Microsoft Corp. has teamed with public relations and marketing agency Burson-Marsteller on a campaign to garner industry support for asking regulators to scrutinize and potentially block the proposed merger of Google Inc. and DoubleClick.
Called the Initiative for Competitive Online Marketplace, or iCOMP, the group's mission, according to its Web site, is "to highlight important principles in online services and begin important industry discussions around copyright, privacy, and competition."
So far, Microsoft and Burson-Marsteller seem to be the only companies behind the initiative, though Gavin Grant, the U.K. chairman of Burson-Marsteller, said the names of companies and organizations that have signed iCOMP's online petition should be listed on the Web site by the end of Monday. Microsoft and Burson-Marsteller were planning to go public with iCOMP in a few weeks, but published reports broke news of the initiative Monday.
On behalf of Microsoft, Burston-Marsteller has been sending out e-mails for several weeks to companies, organizations, consumer advocacy groups and the like who are interested in "creating a competitive and dynamic online marketplace," Grant said Monday.
Those companies have been asked to review the Web site and to sign a petition based on a set of principles inspired by concerns raised around the Google-DoubleClick deal.
Grant declined to name any of the more than 100 companies or organizations that were contacted, and said he did not know if Google was among them. Google did not respond to requests for comment Monday.
Grant did not explicitly come out and say that iCOMP was formed to directly block the Google-DoubleClick merger. Microsoft and Burson-Marsteller are interested in fostering a discussion to ensure that the digital marketplace remains competitive and they hope that other companies and consumer interest groups that have raised concerns about the merger will join them, he said.
However, the iCOMP petition clearly points to the group's interest in taking a stand against the Google-DoubleClick deal, which opponents claim would give Google control of 80 percent of ads served on the Internet.
For example, the first principle on the iCOMP petition asks signers to agree that "regulators should carefully scrutinize any transactions in the online advertising sector that would create or enhance a dominant market position, substantially reduce existing or future competition, or leave advertisers, online publishers, or consumers with fewer options."
Google announced plans to acquire DoubleClick for US$3.1 billion in April, a deal that immediately had competitors and industry groups crying foul over how much of the online advertising market the combined company would own and also how much access to consumer information it would have. U.S. government agencies scrutinizing the deal include the Federal Trade Commission and two congressional committees.

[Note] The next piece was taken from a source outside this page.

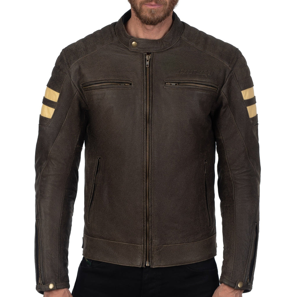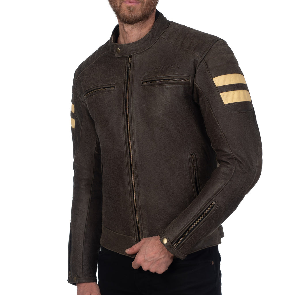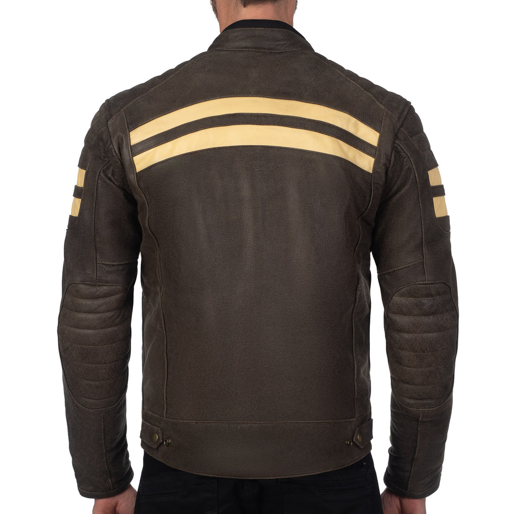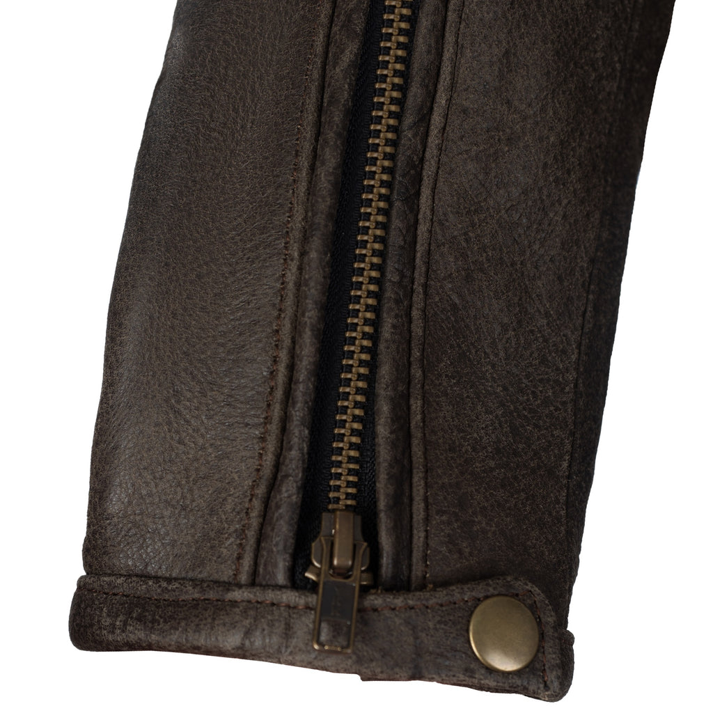 Ride in style with our antique-brown retro-style biker leather jacket, which comes with a Lifetime warranty. It features CE protectors, reinforced stitching, and a detachable lining. Without its removable protectors, it is a head-turner on the bike or the street.
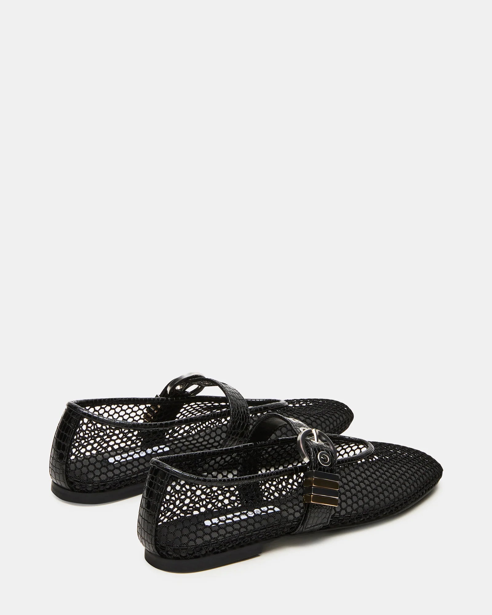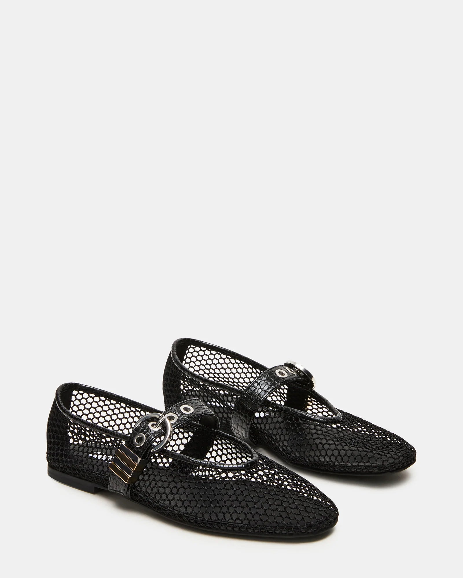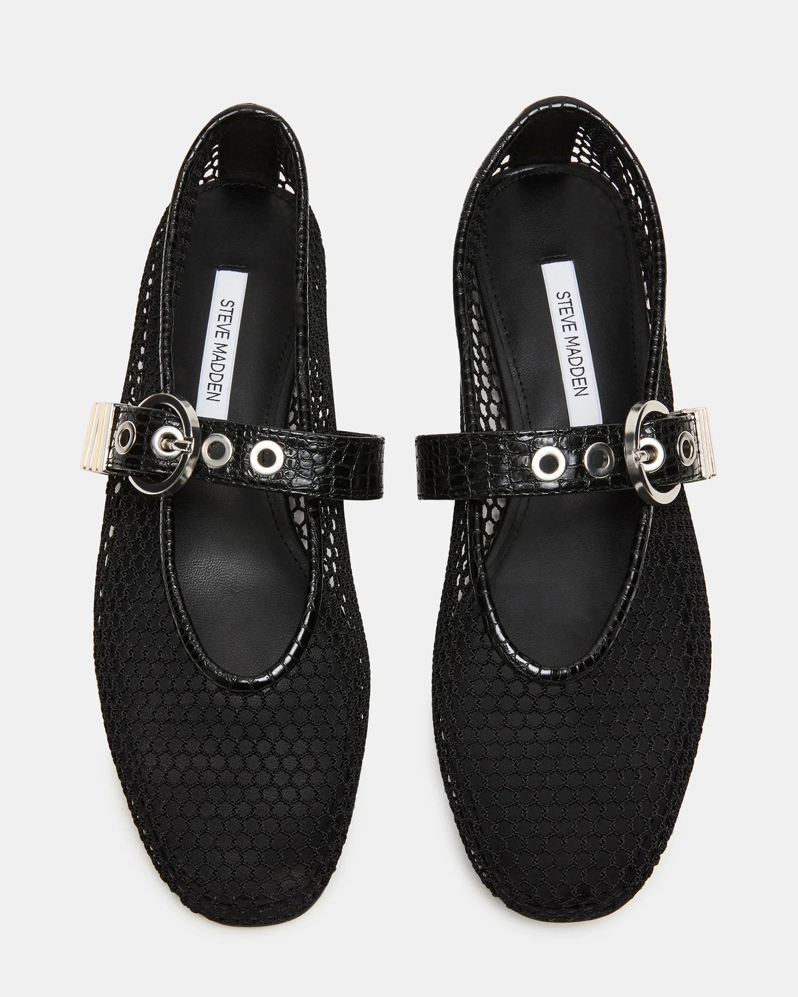 The LUCIA BLACK MESH is a refined ballet featuring breathable mesh material that ensures comfort and ventilation. Its delicate embellishments add a sophisticated touch, perfect for elevating both casual and formal outfits. Designed with an expert balance of style and practicality, this flat offers secure fit and graceful silhouette for everyday elegance.

Google has defended itself in blog posts saying that competitors such as Microsoft, Yahoo Inc. and AOL LLC also are buying up companies to help them boost online advertising and consumer marketing strategies. The company claims its move to buy DoubleClick has not prevented other companies from competing.
Microsoft naturally doesn't see it that way. In an interview Monday company spokesman Jack Evans was more willing to voice his company's concern about the merger and to link iCOMP to Google-DoubleClick opposition, acknowledging that without that merger on the table, there would likely be no iCOMP.
"Like others, we believe this proposed merger raises serious questions about the future of competition in the online advertising market, as well as about consumer privacy and copyright protection," Evans said.
When asked about Microsoft's own anticompetitive practices, something for which the European Commission recently upheld a $613 million fine against it, he said that Microsoft never attempted to purchase a competitor to become a leader in a market, something Microsoft and others believe Google is doing with DoubleClick.
"It's one thing to earn your way into a dominant position in the marketplace, it's another thing to buy your competitors to lock up the marketplace," he said.
Though there are legitimate concerns about privacy and competition to be had over Google-DoubleClick, to some the formation of iCOMP might appear to be sour grapes on the part of Microsoft. The company was rumored to be in a bidding war with Google for DoubleClick, hoping to acquire the company to boost its own advertising revenue. Microsoft eventually settled for a $6 billion purchase of interactive digital services firm aQuantive, a deal that closed last month.
And it wasn't so long ago that Microsoft was in the position of being scrutinized for consumer-privacy issues surrounding a Web services initiative called Hailstorm. The company in 2001 proposed Hailstorm as a central repository it would maintain for online user identity so Web users would have easy access to their personal information for online transactions. Hailstorm didn't fly with consumers or other companies because no one wanted Microsoft to be the sole owner of people's personal information.